I was asked;
"So my gallery wants a nice even finish, like that of a varnished piece, on every piece going up on the walls. How do I get that if I am not to varnish a piece for 6 months to a year after I finish it?"
All galleries want that. Here's the best suggestion I can give you. I don't think there is any great harm coating the paintings with Liquin but I think a better fix is to spray them with retouch varnish after they have dried for a day or two. DO NOT use enough that the varnish pools on the surface of your new painting, otherwise it may actually dissolve the paint. This problem goes away after the painting is dryer but I advise you to never let that happen.
It is best to do that in a couple of thin applications. But this is only temporary and the painting should be final varnished at a later date. Several commenters have asked me how I deal with that. The short answer is, often I don't. This is a problem I have discussed with my artist friends and they all seem to do about the same thing, retouch and then out the door. I cannot possibly sit on all my work for a year and then varnish it.
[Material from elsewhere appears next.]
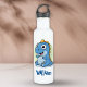 This customised, charming kids' water bottle features a cartoon baby blue dinosaur with big, expressive eyes and a joyful smile.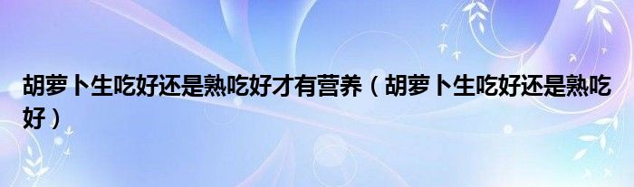 胡萝卜生吃好还是熟吃好才有营养(胡萝卜生吃好还是熟吃好)

If I do get a chance to varnish a painting that hasn't sold or I am visiting a client who has one of my paintings I will varnish it. I do that with a brush and with the painting lying flat. Keeping it thin is good too, pools of varnish will show on the painting. Matt varnish is a crime against nature. It KILLS your color.
I am thinking that I will write up a page to be included with the painting in an envelope that is stapled to the stretchers describing to the client that the painting needs to be varnished and how to do it. When I do I will publish it to the blog so you all can copy it of and use it too.I often don't know who has my paintings as they are sold through dealers.